The problem with men’s clothing today, says Michael Tapia, is that men under 40 were raised in sweats, T shirts and jeans, and don’t know how to dress well. “We don’t know what a good suit is, or how it should feel,” says the American-born Paris-based designer. So Tapia decided to educate his peers by creating a line of perfect-fitting men’s clothes.

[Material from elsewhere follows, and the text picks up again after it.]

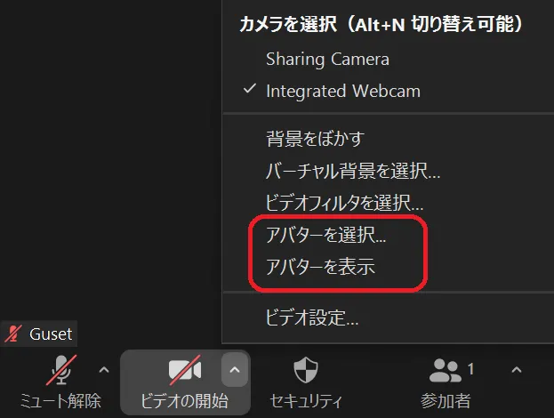 ミーティング中にアバターを有効にする

He started with trousers, the most elemental part of a gent’s wardrobe. Using a basic flat-front straight-leg design, Tapia sewed the first pair by hand and then wore them to see where the weaknesses were. After searching the world for the finest artisans and materials, he chose Swiss-made titanium interlocking zippers and persuaded old factories in England to dust off their machines to weave his durable yet light fabrics. He found Italian seamstresses to sew the old-fashioned way, with nearly invisible stitches. In 1999, after two years of research and testing, Tapia launched his new pants. Then he went after shirts, which he modeled on military designs that looked neat and smooth whether worn tucked in or out. He used densely woven poplin and buttons made out of Australian mother-of-pearl. He followed that with a two-button jacket and a single-breasted topcoat, all available at Colette in Paris and Alfred Dunhill in London. Now he’s working on a thick, Army-inspired T shirt. Though the prices are steep–the pants go for $700 and a shirt $400–the quality is reminiscent of the old Savile Row. “Thirty, 40 years ago, no one made bad quality,” says Tapia. “Now it’s about profit. I wanted to put integrity back into clothing.” Not to mention style.
Kay Itoi and Dana Thomas
Never has style been so portable. Hermes is offering a line of furniture called Pippa, which includes folding chairs, stools, a desk and a chaise longue, all made of wood and cowhide. Louis Vuitton makes a bed-trunk like the one French explorer Pierre Savorgnan de Brazza first ordered in 1875 and a portable leather desk by furniture designer Christian Liaigre. “[Folding furniture] is there for you when you really need it,” says Pippa designer Rena Dumas. “Otherwise you fold it up and it’s out of your life.”